Breakfast is the most important meal of the day! Start each morning with 16oz of water to kick start your metabolism and wake-up your brain. According to a Rochester University examination on healthy eating habits, eating a nutritious breakfast in the morning will decrease excess snacking and binging throughout the day.

Eating protein-rich, high-fiber foods for breakfast will help you feel fuller, longer.

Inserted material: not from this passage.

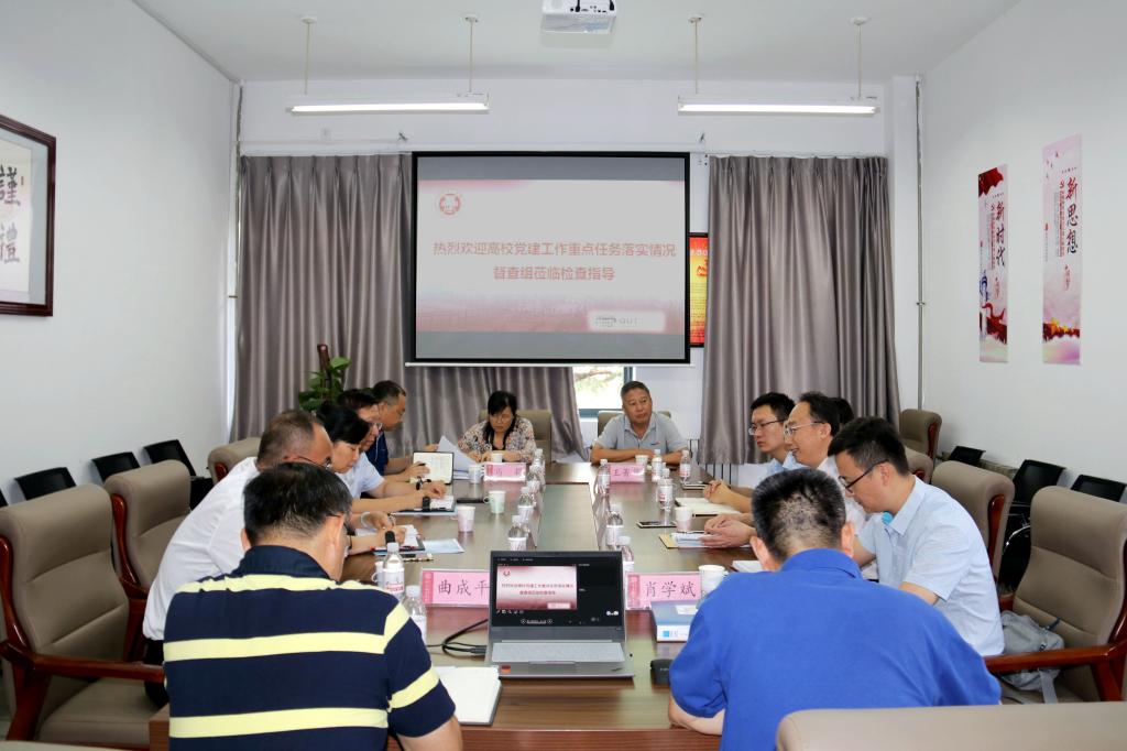 9月18日上午,省委组织部、省委教育工委高校党建工作重点任务落实情况督察组一行三人,在省委教育工委学校组织处二级调研员徐文元带领下来伟德官网检查指导工作,市委教育工委思政处负责同志陪同检查。党委常委、纪委书记尹东峰主持汇报会并致辞,党委办公室、党委统战部、纪委监察处、党委组织部、党委宣传部、党委教师工作部等部门负责同志参加汇报会。

Trade in your regular or low-fat yogurt (10g of protein) for a Greek yogurt with a whopping 30g of protein! Throw in some blueberries for an antioxidant boost, and round out your meal with a piece of whole-grain, high-fiber toast to fuel your body and mind helping you stay full throughout the morning. Slow-release carbohydrates such as oatmeal or bran are another great morning option. Unlike refined carbohydrates, such as white bread, these slow-release carbs won’t spike your blood sugar keeping your insulin levels down and helping you torch fat throughout the morning.


Don’t Skip the Snacks

While 75% of your nutrients should come from the meals you eat, the remaining portion should be made up of snacks. Smart snacking can help you stay energized and may even help you lose weight. After a meal, it takes your stomach about 4 hours to empty, and, at this point, your blood sugar levels begin to drop. This decline can be linked to that tired, sluggish feeling we sometimes get mid-morning or mid-afternoon: if you’ve failed to prepare, this can be the most dangerous time for wrecking your healthy habits. While it may be easy to grab a muffin or a bag of chips, those types of snacks can leave your hunger cravings unsatisfied.

Pack a baggie of carrot sticks, high-protein nuts, trail mix, or a piece of fruit….and, don’t dive in without savoring your mini-meal. Eat your snack slowly while being mindful of the present moment and that satisfying crunch and texture will send a signal to your brain announcing that you’re full.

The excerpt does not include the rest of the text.